Ambiguitas Jokowi di Papua
21 Oktober 2016Pada Papua Joko Widodo ingin mengukur derajat keberhasilan pemerintahannya. Selama dua tahun berkuasa, presiden sudah lima kali menyambangi pulau di ufuk timur Indonesia itu.
Terakhir Jokowi datang buat meresmikan sebuah bandara di Yahukimo dan enam infrastruktur kelistrikan yang bisa menghemat penggunaan bahan bakar oleh PLN senilai 161 milyar Rupiah per tahun.
Saat ini PLN baru mampu mengalirkan listrik untuk sekitar 560.000 pelanggan di Papua. Untuk mengubahnya Jakarta mengklaim akan mengucurkan dana investasi senilai tujuh trilyun Rupiah. Presiden ingin PLN tidak bertele-tele agar bisa memproduksi listrik untuk semua penduduk Papua selambatnya dalam waktu tiga tahun.
"Insya Allah Papua dan Papua Barat tidak lagi gelap di tahun 2019," tulis Jokowi di akun Twitternya, Senin (17/10).
Penyeragaman harga BBM dan Kodam baru
Jokowi juga memerintahkan Pertamina agar mengucurkan subsidi senilai 800 milyar Rupiah supaya harga bahan bakar di Papua tidak ada bedanya dengan di bagian lain Indonesia. Kendati pemerintah berupaya menurunkan angka subsidi bahan bakar di tingkat nasional, "keadilan buat rakyat" adalah lebih penting, tegasnya seperti dikutip Jakarta Post.
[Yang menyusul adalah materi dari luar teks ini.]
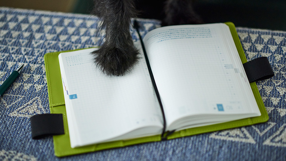 Black returns as a regular in our cover lineup, now with a touch of pistachio green. The lustrous, handsome sheen of the black cover opens up to reveal the bright green interior, which adds a little fun to every day you use it.
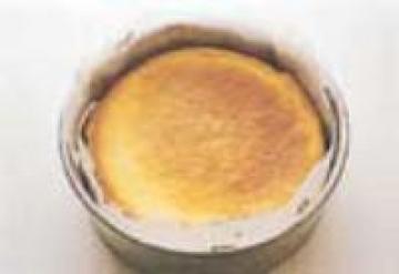 11.取出蛋糕,完全冷却后用保鲜膜连模具包好,放入冰箱冷藏,享用时再脱模。蛋糕底部的垫纸无须取下。

Namun energi bukan satu-satunya bingkisan yang dibawa presiden ke pulau sarat konflik tersebut. Kado yang lainnya adalah pembentukan komando militer XVII/Kasuari di ibukota Papua Barat, Manokwari. Langkah itu terkesan janggal mengingat klaim Komnas HAM tentang sembilan kasus pelanggaran HAM yang terjadi di Papua pada era Jokowi.
Sebayak 5.000 personil Tentara Nasional Indonesia akan ditempatkan di distrik militer teranyar itu. Tapi berbeda dengan Kodam XVII/Cenderawasih yang sarat pelanggaran HAM dan tidak pernah dipimpin perwira lokal sejak 15 tahun silam, distrik Kasuari akan dipegang oleh Mayor Jenderal TNI Joppye Onesimus Wayangkau.
Penempatan Wayangkau boleh jadi sinyal Jokowi untuk mengubah pendekatan keamanan di Papua. Perwira bintang dua itu sebelumnya menjabat Pati Sahli bidang Hak Azasi Manusia. Wayangkau berulangkali menegaskan ia bakal mengutamakan dialog dan komunikasi untuk menjaga stabilitas keamanan di wilayahnya.
Kepada BBC peneliti LIPI Adriana Elisabeth mengritik masih tingginya kecurigaan Jakarta terhadap Papua. Menurutnya tanpa pemahaman yang mendalam tentang kebutuhan rakyat lokal, dialog tidak akan berbuah banyak. "Kata merdeka itu adalah cara menarik perhatian pemerintah. Jadi tidak hanya sekedar ideologi," katanya.